Things haven't looked too good lately, but they could be a lot worse.


  1. that micro chip things scares the pants off me,

  2. Hmmmmm again. There was a proposed move by the current government to microchip and/or tag in some fashion all animals, starting with livestock (including chickens Patsy) and then moving to horses and eventually household pets. As a horse owner, I would have had to report to a government agent anytime my horse left the property, even for a trailride. The purpose was to monitor the movement of potentially diseased animals. It was pretty amazing to see how quickly the horse community rose up in protest over this...government be damned! When it comes time to ride our horses, we want to do it in privacy. ;) The last I heard the program was recently dropped due to the massive protests and questionable constitutionality. Don't think people would feel much different about human microchipping. Carmon

  3. Patsy, I like it for my dogs, especially in light of what happened to so many pets during Hurricane Katrina. But that's about as far as I think it ought to go--and THAT should be voluntary.

    Carmon, I hadn't heard about the proposition to microchip all animals. I wonder who thought anybody would be willing to go along with that.

    Hmmm. Now I'm having visions of people beeping as they pass governmental checkpoints.

  4. Have you seen "Enemy of the State"? If you haven't, watch it-that is one scary movie!

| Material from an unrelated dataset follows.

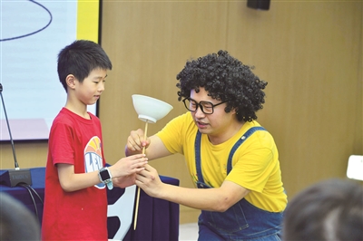 活动现场,浙江省科技馆的金牌科普辅导员团队为大家带来了一场炫酷的科学实验秀。流星锤、杜尚转盘、杆子顶碗……这些道具和小游戏都有一个共同的主题“旋转”,背后蕴含了惯性、离心现象、角动量等科学原理。辅导员老师们生动地展示、幽默地串场和讲解,惹得现场的大朋友小朋友都欢笑声连连,开心之余学到了不少科学知识。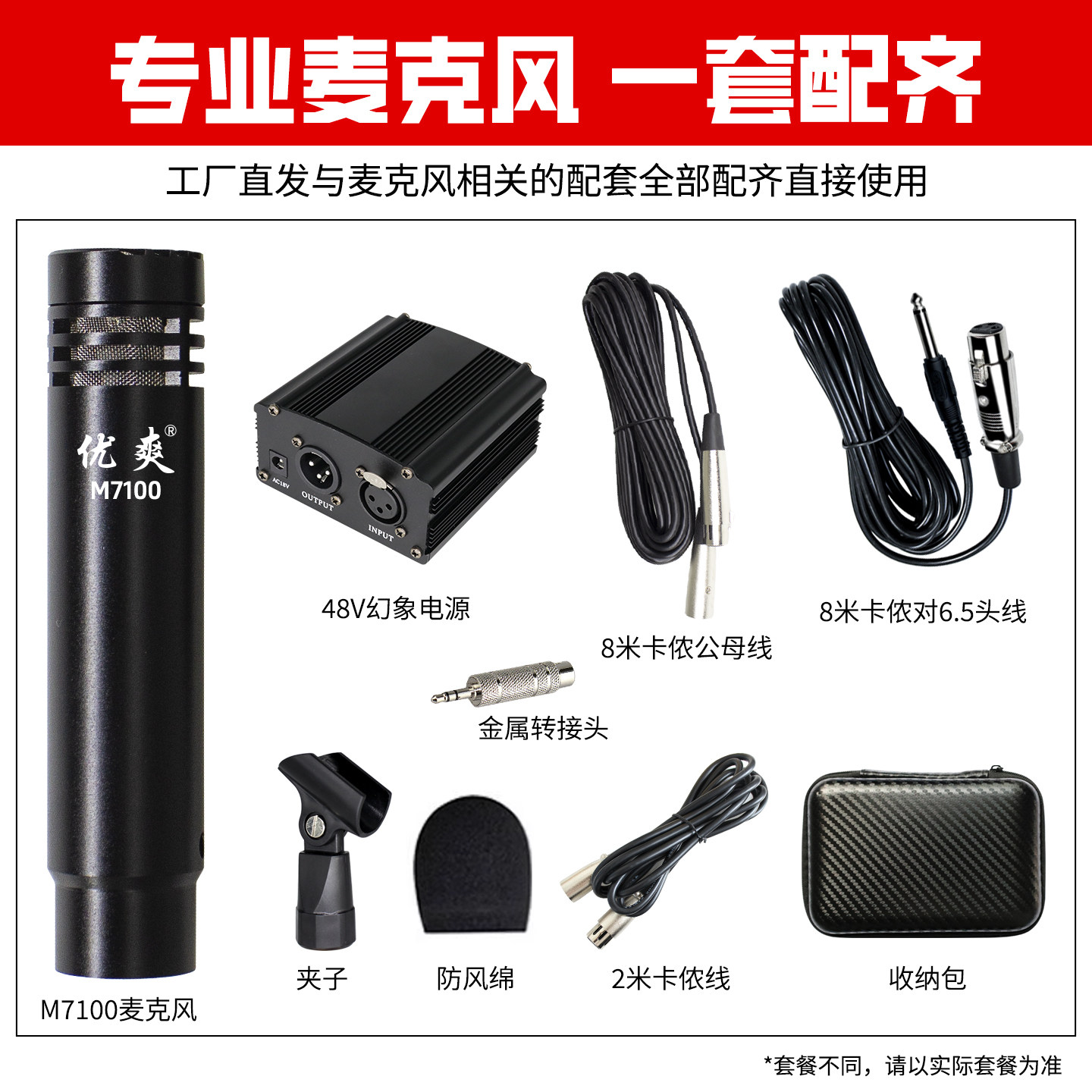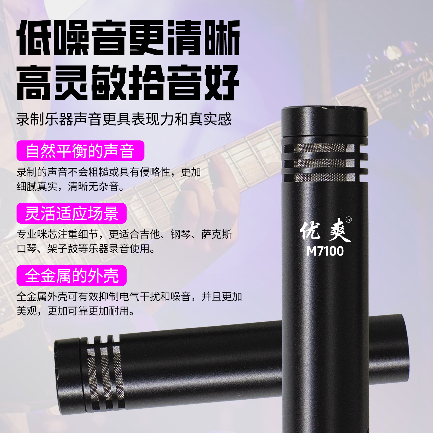 优爽M7100 乐器专用电容麦克风小振膜吉他录音麦克风钢琴立体声源

  5. Don't you think the underworld, organized crime and just run of the mill joyriding hackers could counterfeit the chips and set up & frame anyone they choose? The whole thought makes me buggy. I can see voluntary chipping, not intrusive, though. Something, oh a chip put into a piece of jewelry - oh, maybe in a - hmmm - lampwork bracelet! Then Grandmaww could wear it when SHE and the fam want it and the GPS could be monitored by choice. I am not at all interested in more government intervention! We could not sit along the banks of a river and have troubadours seranade us the way they do in Paris at night. No fences! Someone could fall in and sue the city! I love our country, but too much regulation scares the hope out of me for a society filled with people of conscience making their own decisions. The missing and exploited, though, you have a valid point!

  6. Patsy thinks it will happen......Patsy thinks it will ALL happen.......

  7. I would not put my trust in ANY government to microchip me. I don't think such an idea would go down easily in this country - look at all the hoopla whenever they even mention a federal identity card.

    I'm sure there is a lot going on "behind the scenes" that is akin to what you've been reading in Grisham/Baldacci. It DOES scare the pants off me.

  8. Janet, I did see "Enemy of the State," but it's been several years ago. I remember the actors, the action and the tension, but, unfortunately, not very much about the plot. I'll have to check it out again.

    Christy, you made some very good points. And if you hurry, you might be the first on eBay to offer lampwork jewelry that comes with OnStar service.

    Annie, do you feel like you're in good company here? I think everybody feels the same way you do.

    4th Sister, even if Patsy turns out to be right, I don't expect either of us will be around by then to complain about it.

    Sunflower, I don't think they'd ever get people to go along with it either. Not in a million years. Hmmm. Does this tapwater taste funny to you?

  9. Yes, I think I'm in very good company!

  10. Oops.... I'm a day or two late and a sense of humor short. The tip of that tongue planted in that cheek sailed right by me. It mighta been that the tin foil I use to interfere with the alien and government thought probes also interfered with my correctly interpreting your blog! We do make these sacrifices at times....

    brrrrrrrrr..... it got cold!

    Three Cat

  11. Third-Cat, LOL, the tin-foil hat would certainly do it.